Estado de Transición Hartnup
—¿Qué hacemos ahora? —preguntó uno de los agentes más verdes con una voz teñida de miedo.
Su expresión era de preocupación y de culpa, como si lo ocurrido fuera de alguna forma responsabilidad de todos ellos en lugar de un acontecimiento absolutamente inesperado.
—¡Nada de nada! —gruñó el jefe Goss—. Esta situación está por completo fuera de nuestro control, así que nos quedamos sentaditos y esperamos a la policía estatal.

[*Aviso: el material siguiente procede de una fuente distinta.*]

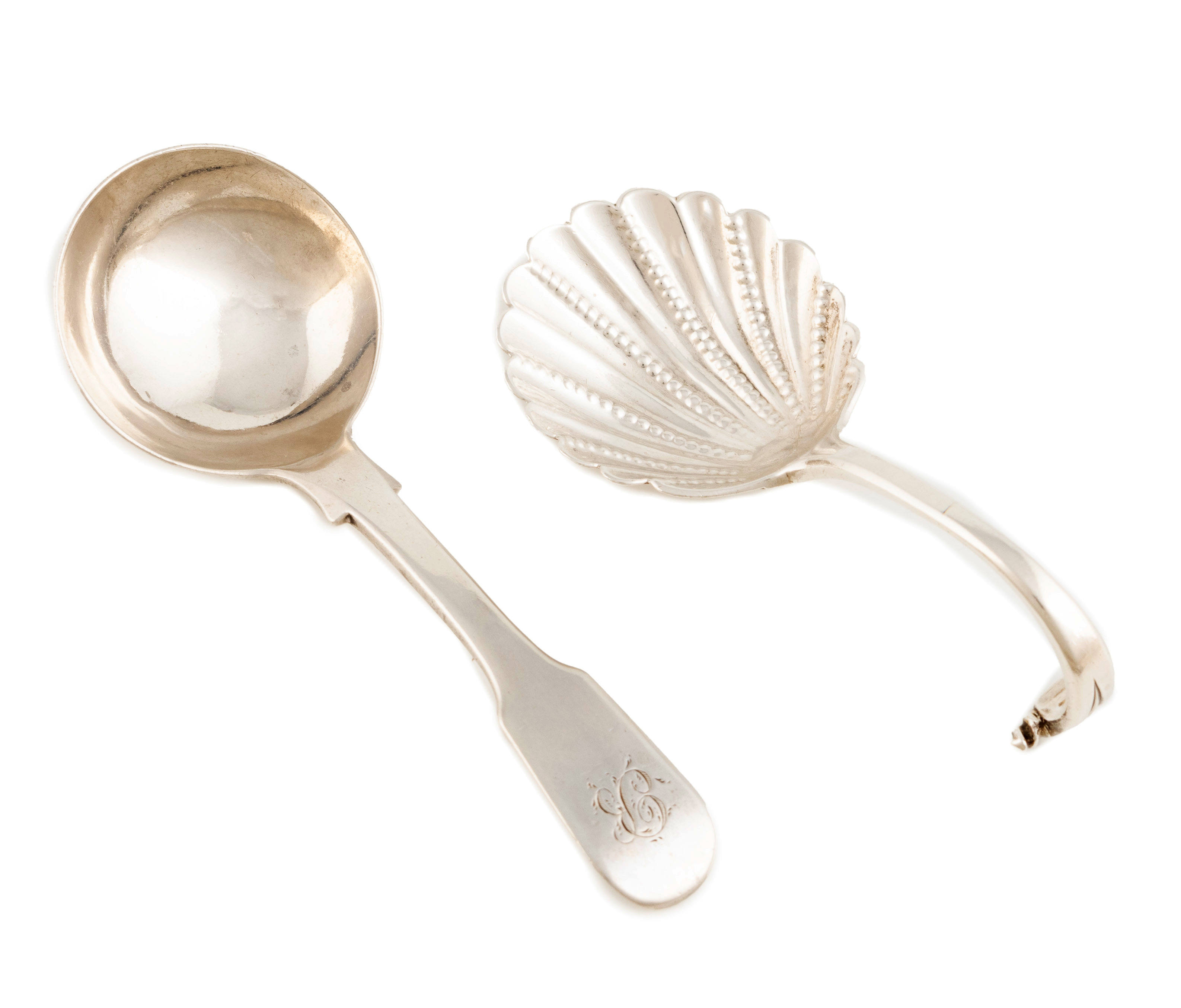 shell bowl, Onslow pattern handle, plus a George IV provincial silver Fiddle pattern caddy spoon, by Cattle and North, York 1828, approx. weight 1.6oz. (2)

Llegarán de un momento a otro.
—Jefe —lo llamó J. T. con discreción—, ¿no deberíamos informar de esto?
Goss se sacó el walkie-talkie del cinturón y apretó un botón.
—Aquí Goss informando… Tenemos varios agentes caídos. Repito, agentes caídos.
—¿Quéeeee? —exclamó Flower—. ¿Quién está herido…?
Goss la interrumpió.
—Necesito médicos, ambulancias y unidades adicionales. Extiende el aviso al nivel siguiente. Mándame a todos los que puedas… Y dime la hora estimada de llegada de la policía estatal.
Por un segundo, Flower se atascó con las palabras, pero finalmente pudo responder:
—La policía estatal llegará en ocho minutos. Hay dos unidades…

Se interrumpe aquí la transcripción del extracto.